Energy: The Ups and Downs and Why it Matters

There are many important factors that contribute to creating successful study habits. In order to maintain focus and complete schoolwork successfully, maintaining a good energy level is essential. What we choose to eat and the physical activity we do has a big impact on the longevity of our energy. Unfortunately, this is often overlooked. 

Snacking Smarter

Not all foods impact the brain's endurance equally and a junky snack can lead to blood sugar crashes during tests or study sessions. Fueling up before the school day and before starting homework is an effective way to support sharp brain functioning.

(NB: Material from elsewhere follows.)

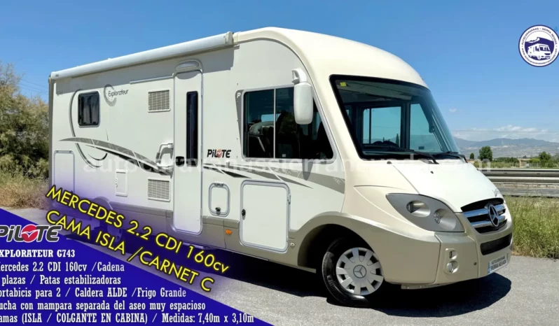 Autocaravana Integral PILOTE, modelo EXPLORATEUR G743, esta marca, está situada en el mercado entre una de las mejores de Europa, similar a Hymer, Burstner o Dethleffs entre otras, un vehículo de extrema calidad, perfecta para vivir en ella, aportando un gran aislamiento para climas tanto fríos como de mucho calor. Año 2010 con 74.000km y procedente de particular. Motor MERCEDES 2.2 CDI 160cv, super potente, robusto y fiable.Concadena de distribución (no lleva correa). La calefacción y el agua caliente funcionan mediante  caldera ALDE, insonora y de radiadores como en casa. Dispone de 4 plazas homologadas para viajar y 4para dormir ya que dispone de una amplia cama Isla este tipo de cama también le proporciona una gran comodidad en todos los aspectos, tanto al hacerla como acostarse por ambos lados e incluso no molestar al otro al levantarse, además de conseguir un diseño muy selecto y cotizado en su interior en la parte trasera y una Colgante en cabina. Gran garaje con doble portón, sus medidas son: (2,20m x 0,90m x 0,80m).Perfecta para hacer largos viajes o vivir en ella gracias a sus medidas: (7,40m x 3,10m). Este vehículo se conduce con CARNET C. y su M.M.A 3.880kg la mayor ventaja es su capacidad de carga

Students should consider foods that provide steady energy to the brain and/or feed their sensory processing needs. Snacks with complex carbohydrates and protein-rich foods provide slow-release energy for the brain without the intense crash that follows shortly after eating. Chewy foods (dried fruit) and crunchy foods (nuts or raw vegetables) can provide sensory input for students who might otherwise feel distracted by sensory-seeking impulses (spinning around in a chair, fidgeting).

Below is a list of tasty and nutritious "brain food". As a mom and someone who enjoys eating, I prepared a list of foods that are study-friendly and also satisfying to eat. Dig in!  


Brain Food For You:

1. Hummus

Hummus is an all-natural food full of energy-boosting protein. Spread hummus on whole grain pita bread or eat it with raw veggies for a quick, filling snack.

2. Peanut Butter

Peanut butter is both nutritious and delicious. It pairs well with everything from fruit to celery or bread and jam. It's high in healthy monounsaturated fats, nutrient-rich and protein-packed.

3. Walnuts

 Walnuts are an excellent source of protein and are a great alternative to potato chips. This nut is full of omega 3 fatty acids that will help you think more clearly and stay focused throughout the day.

4. Bananas

A banana holds the daily amount of glucose your brain needs to function. As a bonus, bananas also contain about half of the recommended daily amount of vitamin B6 that helps improve cognitive function and strengthens memory.

5. Raw Carrots

Raw carrots will give you a consistent level of blood sugar that your brain needs to function. Carrots are also crunchy and help to provide sensory input for kids who may be restless or need to constantly be in motion. 

6. Raisins

 If you need a boost of energy, stay away from the carbs and grab a pack of raisins. These high-energy fruits are low in fat and calories and rich in antioxidants which help restore your body’s most important cells.

7. Water

Drink lots of water! If you want to improve your focus, you need to drink enough water. Water gives the brain the electrical energy for all brain functions, including thought and memory processes.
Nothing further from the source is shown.